MATERIAL PROVIDED ->
* * * *
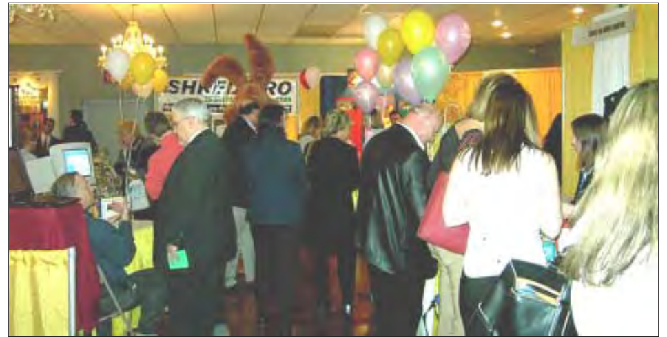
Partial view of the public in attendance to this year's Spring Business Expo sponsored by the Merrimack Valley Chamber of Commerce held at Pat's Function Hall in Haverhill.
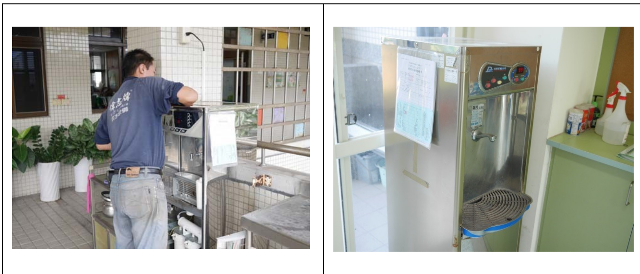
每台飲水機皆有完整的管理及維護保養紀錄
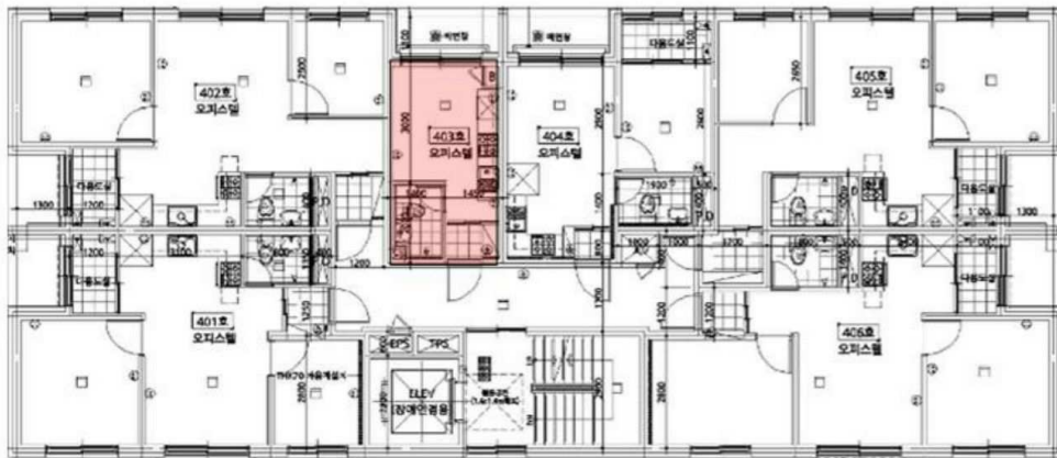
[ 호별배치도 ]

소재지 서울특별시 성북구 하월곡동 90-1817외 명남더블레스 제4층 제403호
* * * *
REQUIREMENT -> Print the whole listing exactly. No pictures belong in the copy.

OUTPUT ->
Partial view of the public in attendance to this year's Spring Business Expo sponsored by the Merrimack Valley Chamber of Commerce held at Pat's Function Hall in Haverhill.
每台飲水機皆有完整的管理及維護保養紀錄
[ 호별배치도 ]

소재지 서울특별시 성북구 하월곡동 90-1817외 명남더블레스 제4층 제403호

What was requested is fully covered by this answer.